• [REQUIRED ACTION]: What you give back from the listing below should be an exact copy of the lines from the one with "A woman with" down to the one with "Create lasting memories", and it should contain no pictures.

• [MATERIALS PROVIDED]:
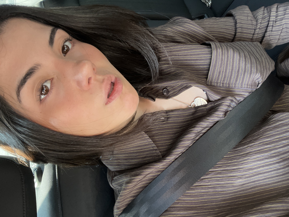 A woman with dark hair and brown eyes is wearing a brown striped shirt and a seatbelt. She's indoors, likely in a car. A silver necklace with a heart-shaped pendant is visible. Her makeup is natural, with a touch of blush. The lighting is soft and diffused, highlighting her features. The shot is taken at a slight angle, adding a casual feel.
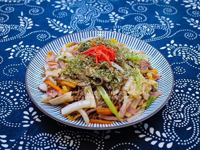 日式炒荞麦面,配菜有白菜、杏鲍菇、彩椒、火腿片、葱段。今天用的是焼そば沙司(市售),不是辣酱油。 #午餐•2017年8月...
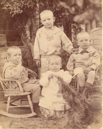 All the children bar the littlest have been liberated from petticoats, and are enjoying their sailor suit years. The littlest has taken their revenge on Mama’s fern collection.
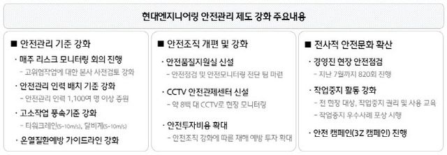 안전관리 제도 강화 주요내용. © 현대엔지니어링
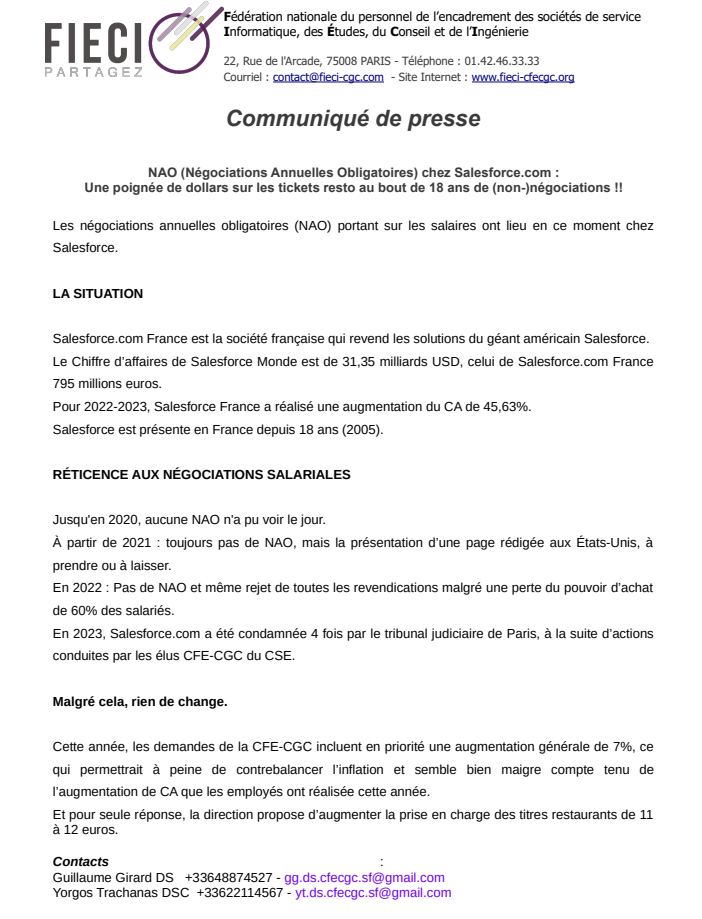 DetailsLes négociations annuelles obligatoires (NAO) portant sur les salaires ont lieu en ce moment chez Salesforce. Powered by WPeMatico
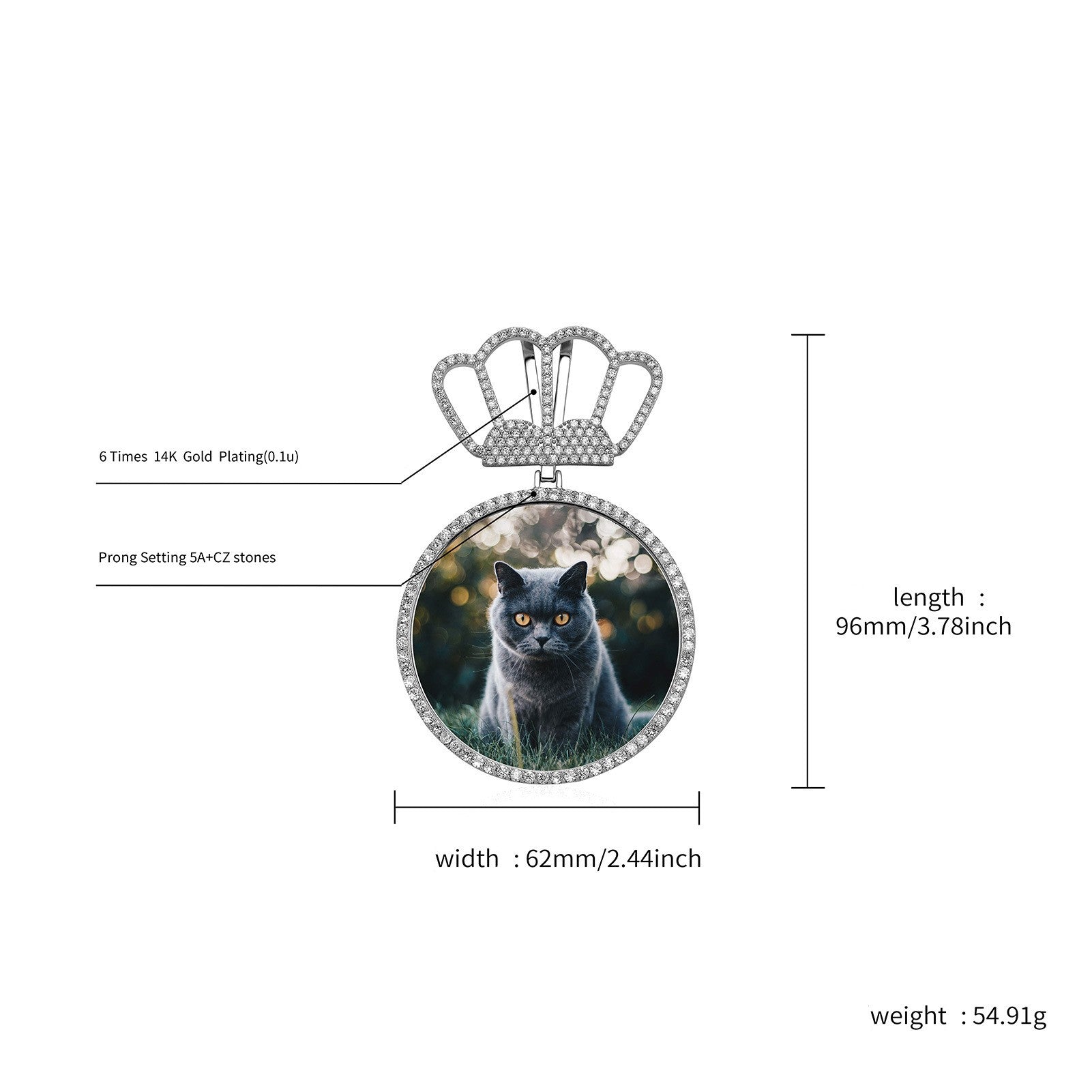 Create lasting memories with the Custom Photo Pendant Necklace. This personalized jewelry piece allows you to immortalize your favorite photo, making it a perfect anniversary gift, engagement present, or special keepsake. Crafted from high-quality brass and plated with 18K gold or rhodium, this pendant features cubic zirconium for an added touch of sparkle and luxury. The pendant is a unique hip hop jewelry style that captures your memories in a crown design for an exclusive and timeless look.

==

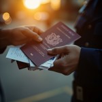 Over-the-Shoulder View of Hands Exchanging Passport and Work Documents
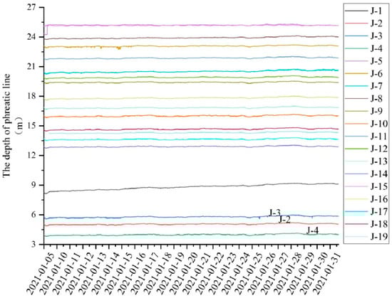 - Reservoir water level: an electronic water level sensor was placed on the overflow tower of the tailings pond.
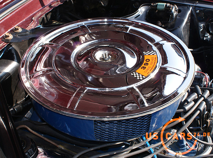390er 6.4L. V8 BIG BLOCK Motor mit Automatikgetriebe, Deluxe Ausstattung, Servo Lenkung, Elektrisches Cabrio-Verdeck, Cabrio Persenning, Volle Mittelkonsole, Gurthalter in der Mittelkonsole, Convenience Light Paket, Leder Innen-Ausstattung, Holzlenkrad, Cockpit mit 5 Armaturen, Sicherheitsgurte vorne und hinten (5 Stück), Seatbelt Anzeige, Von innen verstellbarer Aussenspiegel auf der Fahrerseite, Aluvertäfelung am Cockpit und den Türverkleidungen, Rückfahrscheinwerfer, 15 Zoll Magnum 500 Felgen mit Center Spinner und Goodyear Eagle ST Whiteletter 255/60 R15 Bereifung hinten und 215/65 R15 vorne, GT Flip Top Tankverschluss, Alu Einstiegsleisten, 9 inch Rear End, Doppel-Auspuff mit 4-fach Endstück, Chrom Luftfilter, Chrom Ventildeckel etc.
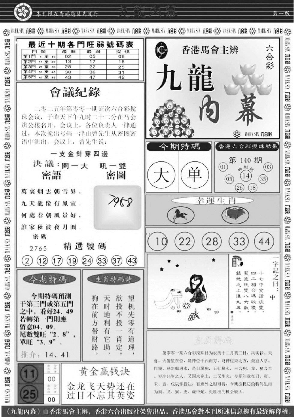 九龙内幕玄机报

...

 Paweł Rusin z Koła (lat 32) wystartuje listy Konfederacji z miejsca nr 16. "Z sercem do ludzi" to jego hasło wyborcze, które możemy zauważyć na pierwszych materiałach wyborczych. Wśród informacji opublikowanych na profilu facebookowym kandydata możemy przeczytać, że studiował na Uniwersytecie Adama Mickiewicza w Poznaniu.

• [FINAL ANSWER]:
 A woman with dark hair and brown eyes is wearing a brown striped shirt and a seatbelt. She's indoors, likely in a car. A silver necklace with a heart-shaped pendant is visible. Her makeup is natural, with a touch of blush. The lighting is soft and diffused, highlighting her features. The shot is taken at a slight angle, adding a casual feel.
 日式炒荞麦面,配菜有白菜、杏鲍菇、彩椒、火腿片、葱段。今天用的是焼そば沙司(市售),不是辣酱油。 #午餐•2017年8月...
 All the children bar the littlest have been liberated from petticoats, and are enjoying their sailor suit years. The littlest has taken their revenge on Mama’s fern collection.
 안전관리 제도 강화 주요내용. © 현대엔지니어링
 DetailsLes négociations annuelles obligatoires (NAO) portant sur les salaires ont lieu en ce moment chez Salesforce. Powered by WPeMatico
 Create lasting memories with the Custom Photo Pendant Necklace. This personalized jewelry piece allows you to immortalize your favorite photo, making it a perfect anniversary gift, engagement present, or special keepsake. Crafted from high-quality brass and plated with 18K gold or rhodium, this pendant features cubic zirconium for an added touch of sparkle and luxury. The pendant is a unique hip hop jewelry style that captures your memories in a crown design for an exclusive and timeless look.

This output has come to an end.